Faster conclusions using in-memory columnar SQL and machine learning
Hadoops traditional batch technologies are quickly being supplanted by in-memory columnar execution to drive faster data-to-value. Wes McKinney and Jacques Nadeau provide an overview of in-memory columnar execution, survey key related technologies, including Kudu, Ibis, Impala, and Drill, and cover a sample use case using Ibis in conjunction with Apache Drill to deliver real-time conclusions.

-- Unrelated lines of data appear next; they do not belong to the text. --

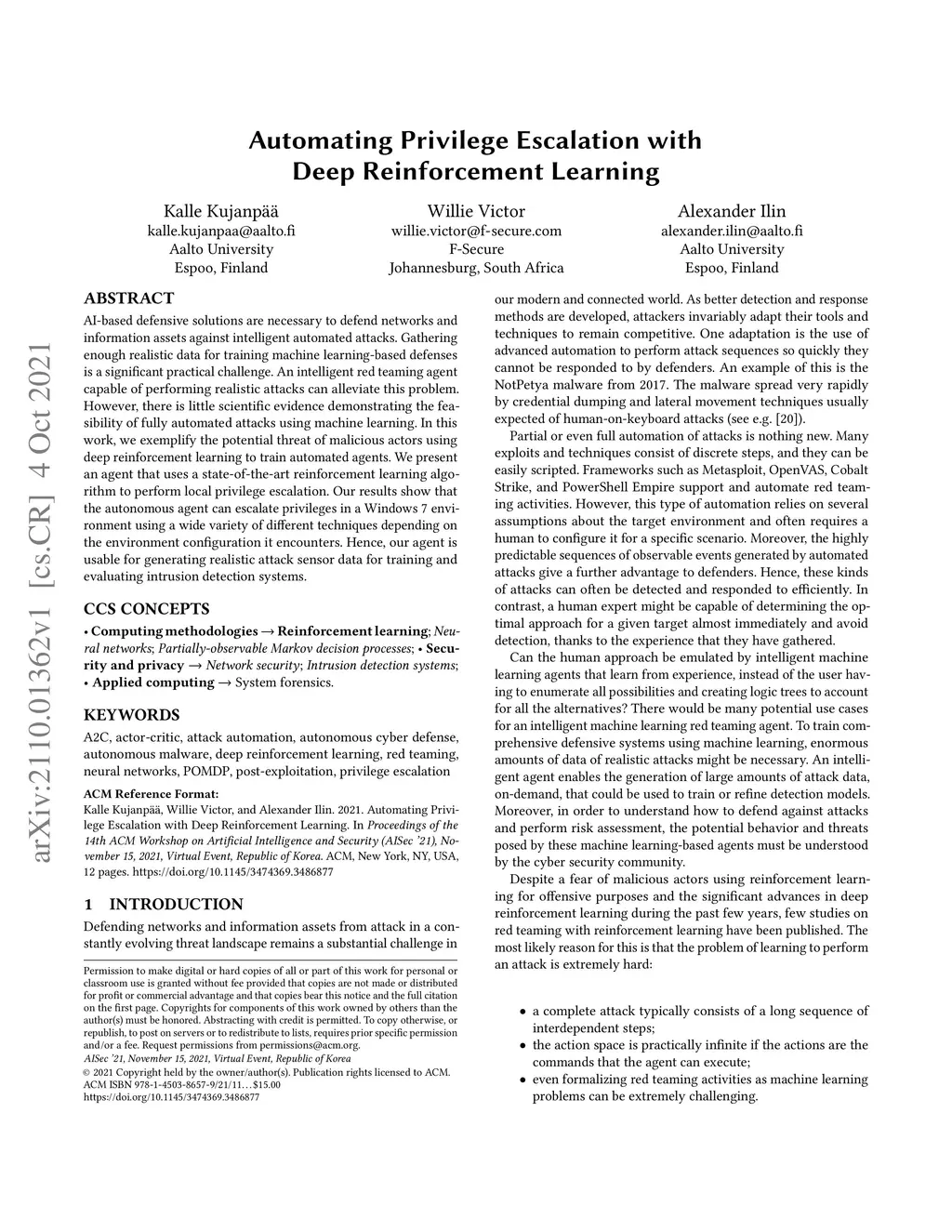 AI-based defensive solutions are necessary to defend networks and information assets against intelligent automated attacks. Gathering enough realistic data for training machine learning-based defenses is a significant practical challenge. An intelligent red teaming agent capable of performing realistic attacks can alleviate this problem. However, there is little scientific evidence demonstrating the feasibility of fully automated attacks using machine learning. In this work, we exemplify the potential threat of malicious actors using deep reinforcement learning to train automated agents. We present an agent that uses a state-of-the-art reinforcement learning algorithm to perform local privilege escalation. Our results show that the autonomous agent can escalate privileges in a Windows 7 environment using a wide variety of different techniques depending on the environment configuration it encounters. Hence, our agent is usable for generating realistic attack sensor data for training and evaluating intrusion detection systems.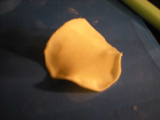 Los bordes de ambos de estos círculos usando la herramienta de la bola de la colmena. (A la colmena aplique presión uniforme a la herramienta de bolas como usted rodillo sobre los bordes de la flor. Dejar está tranquilo por lo que puede colocar los pétalos). Esto puede tomar varios intentos pero usted conseguirá la caída de la misma.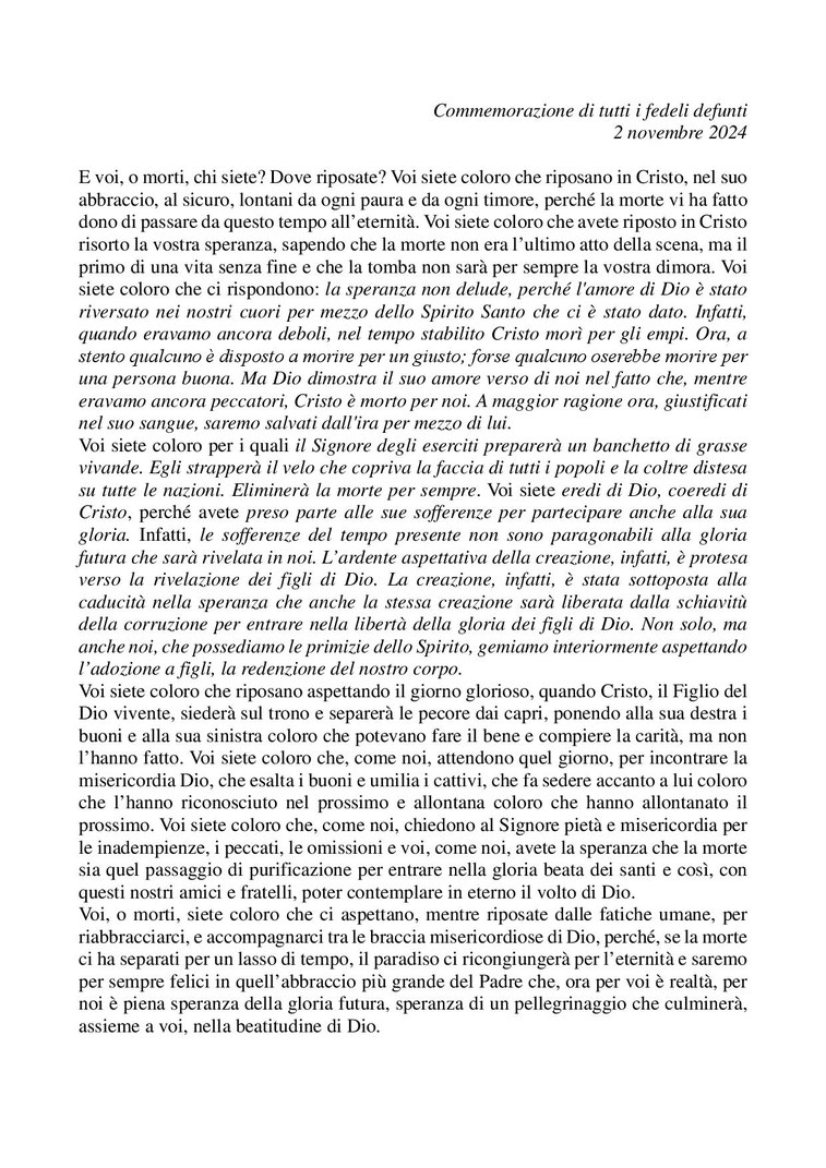 Omelia Commemorazione di tutti i fedeli defunti 2 novembre 2024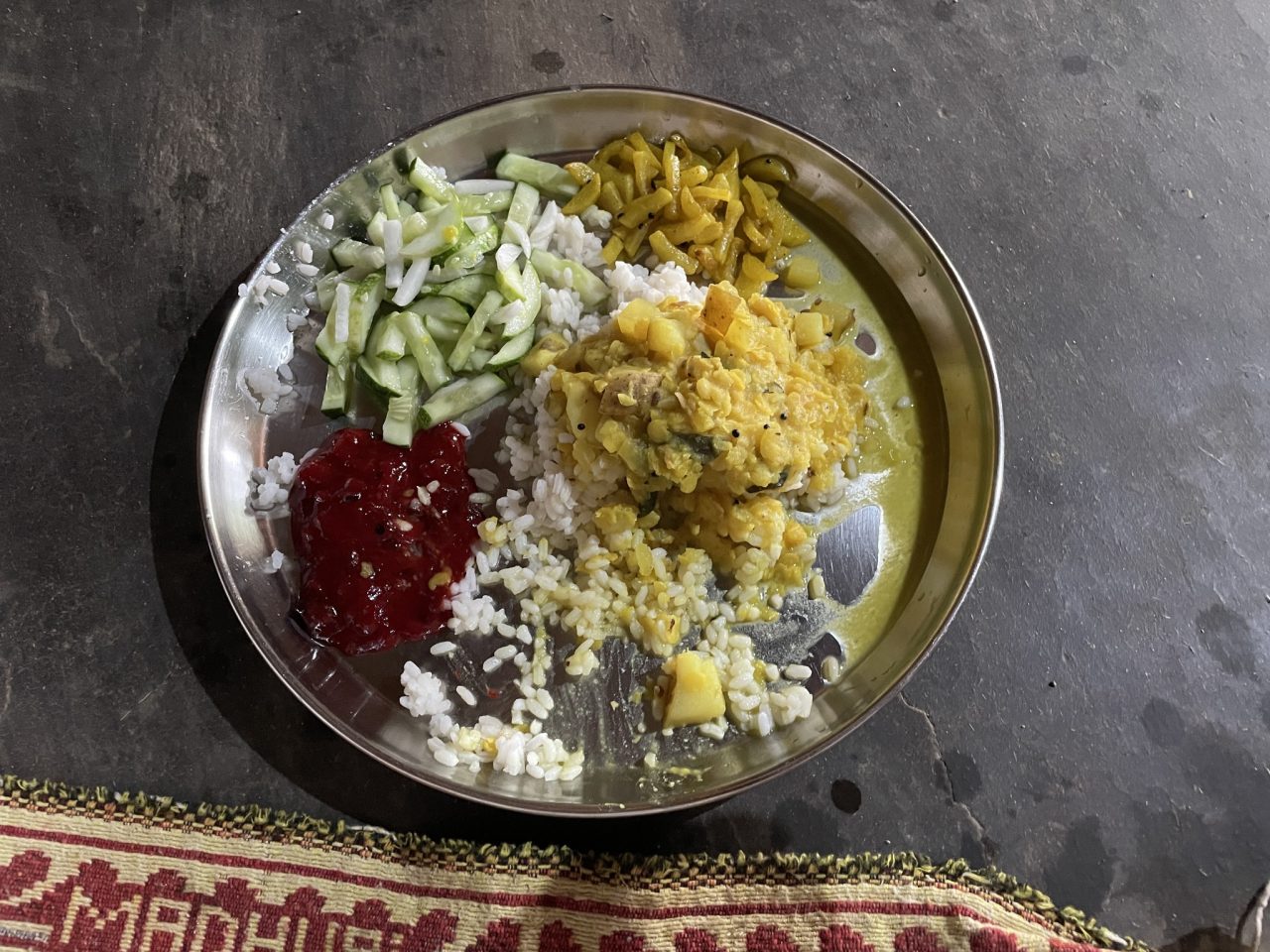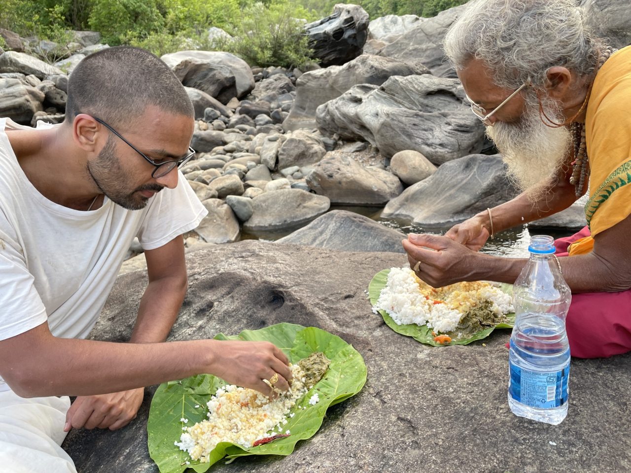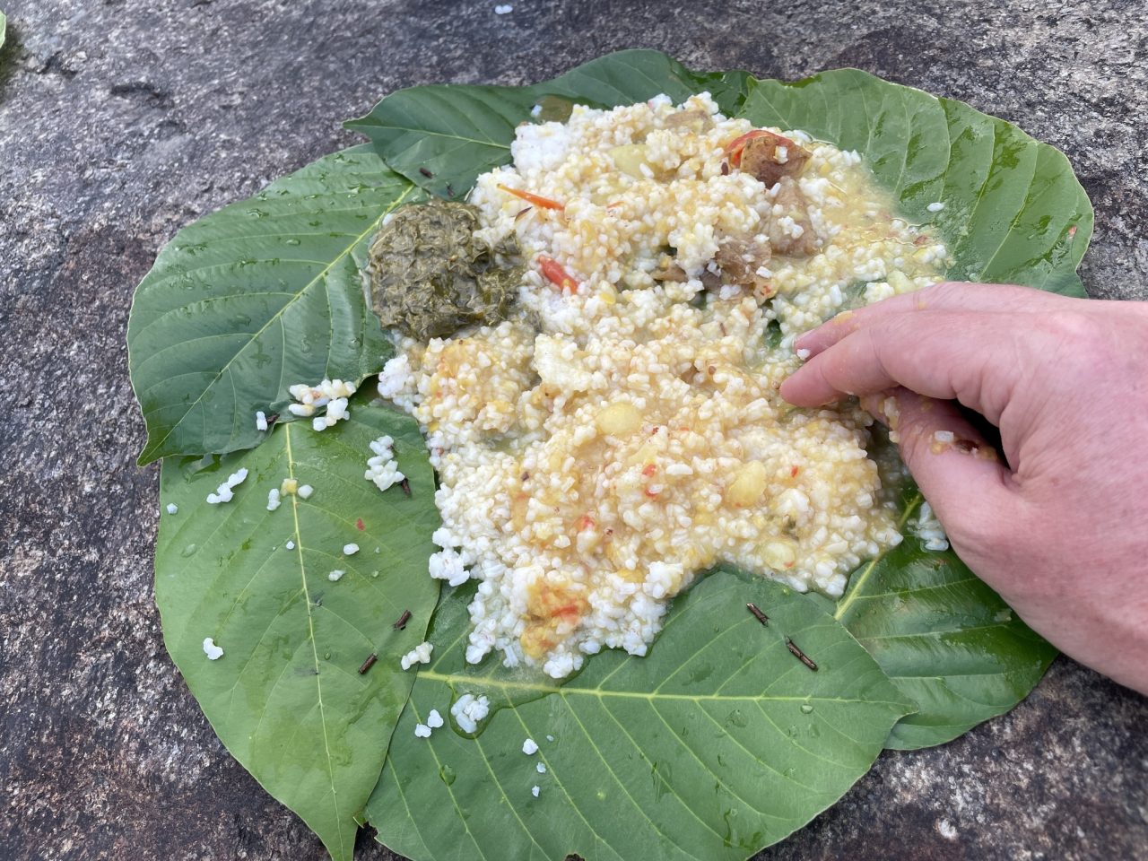 The leaf plate was also made by baba on the spot by collecting leaves and stitching them together with small wood twigs.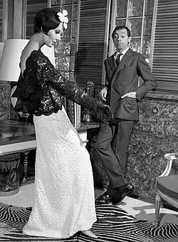 This type of occurrence was commonplace among his faithful customers, who included Marilyn Monroe,[23] Elizabeth Taylor, Jackie Kennedy, Lady Bird Johnson, Grace Kelly, Diana Ross,[7] Betsy Bloomingdale,[24] Rosalind Russell, Marlene Dietrich, Dorothy Lamour,[25] Judy Garland, Loretta Young, Ali MacGraw,[26] Ivana Trump,[27] Carolyne Roehm,[28] Kim Basinger, Arianna Huffington[29] and many other notable personalities and film and media stars. In 1982, John Duka, the New York Times columnist, described in his column, Notes on Fashion, a black tie party in Galanos' honor attended by his A-list fans, "James Galanos, the designer whose clothing is unmatched in quality and price in this country, was in town, and almost immediately the level of social exchange seemed elevated as if by ripple effect. Betsy and Michael Kaiser – he is the photographer – gave a black tie buffet dinner for the designer Saturday. Among those at table were Lyn Revson, Gordon Parks, Barbara Walters, Arianna Stassinopoulos, former Senator Abraham A. Ribicoff and his wife, Casey, Freddie and Arlette Brisson, Mary McFadden, Tammy Grimes, Stephen Paley, John Loring, Gloria Vanderbilt, William Macomber, Sybilla Clark, Alex Gregory, Frank and Gloria Schiff and Bob Colacello. Mr. Galanos was the center of attention: Almost every woman in the room was wearing one of his designs."[30]

|Talk Title||Faster conclusions using in-memory columnar SQL and machine learning|
|Speakers||Wes McKinney (Two Sigma Investments), Jacques Nadeau (Dremio)|
|Conference||Strata + Hadoop World|
|Conf Tag||Big Data Expo|
|Location||San Jose, California|
|Date||March 29-31, 2016|
Data ages quickly. The longer it takes for you to reach a conclusion, the less value that conclusion can provide. In-memory columnar execution provides a way to get to Hadoop data scale with real-time response. In-memory columnar execution is a powerful paradigm for analyzing large amounts of data very quickly. It provides the ability for multiple applications to share a common data representation and perform operations using SIMD and vectorization. A number of key big data technologies, including Kudu, Ibis, Drill, and Impala, have or will soon have in-memory columnar capabilities. Wes McKinney and Jacques Nadeau give a quick overview of how each of these tools benefits from in-memory columnar execution and then get practical, going into detail about the capabilities of Ibis and how in-memory execution can speed up performance of key operations. Wes and Jacques explore Apache Drill as the backdrop for executing high speed in-memory transformations and machine learning algorithms and demonstrate how a powerful columnar UDF interface can allow organizations to take advantage of the performance of in-memory columnar execution within their custom requirements.